Again, thinking back, I’m almost sure I wasn’t the one driving. The same force (the driving force!) that planted the certainty of what Cait had done in my brain took the wheel while I was pre-occupied - frantic arithmetic - Terenure to Brittas and back before midnight. Would the petrol hold out? What if I was stopped? Am I mad, can we ever escape armageddon? The driving force held firm, skilful. It wasn’t me dropping gears into turns, blasting the heavy BMW around slower drivers and holding the car on a knife edge around wet Wicklow roads.
As I got closer to Brittas, the road surface became worse. When I passed the bus stop, the tarmac gave way to gravel. The back of the car skidded more. Closer to the caravan park, again - I don’t know why - I cut the lights.
I bounced the car quietly over the grass, down the row of mobile homes - all empty on a November Friday. All of them were dark. I was wrong. Cait had been out for a walk. The child had cried, and Cait had put it in the buggy for a few minutes. Me thinking that Genevieve held any significance was ridiculous. I’ll check the door to be sure, turn the car around, and get back on the road. I’ll drive back like a normal person.
I stopped the car beside the sixth home on the right, ours - handed down from a great-uncle. (Openly sorry for my widowed mother) I got out, and walked over to the door - the wet grass seeped through my runners, and soaked the bottom of my jeans.
I tried the cold aluminium handle. The door opened. The mobile home smelt of damp mattresses and distant camping gas. I stepped in. Cait was sitting on the sofa bed in the dark, the baby in her arms. There was a bottle on the table. The only light was from the street light outside.
Cait was still wearing her anorak, and the baby was sleeping. Cait was sitting, staring into space, silent.
I sat down beside Cait, and didn’t say anything. I wish I could say ‘there were no words’, but the truth is, there was so much to say that it all became jumbled, so I said nothing.
After a minute, she looked up. ‘Will we go back?’ she asked. These were the only words we exchanged all evening.
We put the buggy in the boot, and started back on the road. The driving force took over again - Cait sat in the back, holding the sleeping baby in her lap.
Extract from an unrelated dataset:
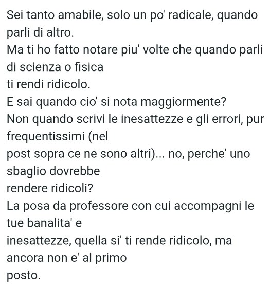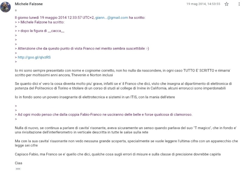 Leggetevi la discussione, capirete ancora meglio le arrampicate sugli specchi di chiaro&semplice e le sue tecniche di magia, anche se lì è un confronto alla pari dato che sono suoi colleghi, non ci scappa perché la Fisica è quella e anche se andare sul tecnico non funziona con loro.

As we hammered up the Dublin road in the old BMW, I started to picture it as an old tin can. I thought about tyre treads, and wet roads - the car was too old to have gone through any safety checks. If we had a tip, at this speed, the three of us would be killed instantly.
The roads were clear - I can’t remember us passing another car. We were fast and accurate on empty roads. The BMW held a firm line.
We pulled into Mams’ friends’ street at half eleven by the soft orange light of the dashboard. I cut the lights again. We unfolded the buggy. Cait strapped the still sleeping baby in. I said I would wait for her.
The baby’s parents car passed me, as Cait walked towards their house. It flashed as it passed her, and swung into their driveway. In the split second that the car was invisible, Cait reached down and pinched the child. I could hear it wake up and start to scream and cry. Always practical in her deception.
I got out of the BMW, and walked over. Cait was in the garden, talking to the now-wailing baby’s parents. The mother was thanking Cait - Cait was explaining that she had been walking him around the block, and he had been screaming all night.
The father handed Cait an envelope, and rooted through his wallet for an extra tenner - ‘Since he’s been a nightmare’. Cait smiled - ‘No’, she said ‘He’s perfect’
I waved, and said hi - I had been passing, and knew that Cait might need a lift. There were smiles - how helpful! There were offers of tea, which we declined. Cait and I walked back to the car in silence.
Not all of the weapons could be located after the Thule Monitor crash. Large chunks of the contaminated ice shelf had to be shipped to North Carolina. Nuclear armageddon was avoided - and as a direct result of the accident at Thule, the phoneline between Moscow and Washington was strengthened.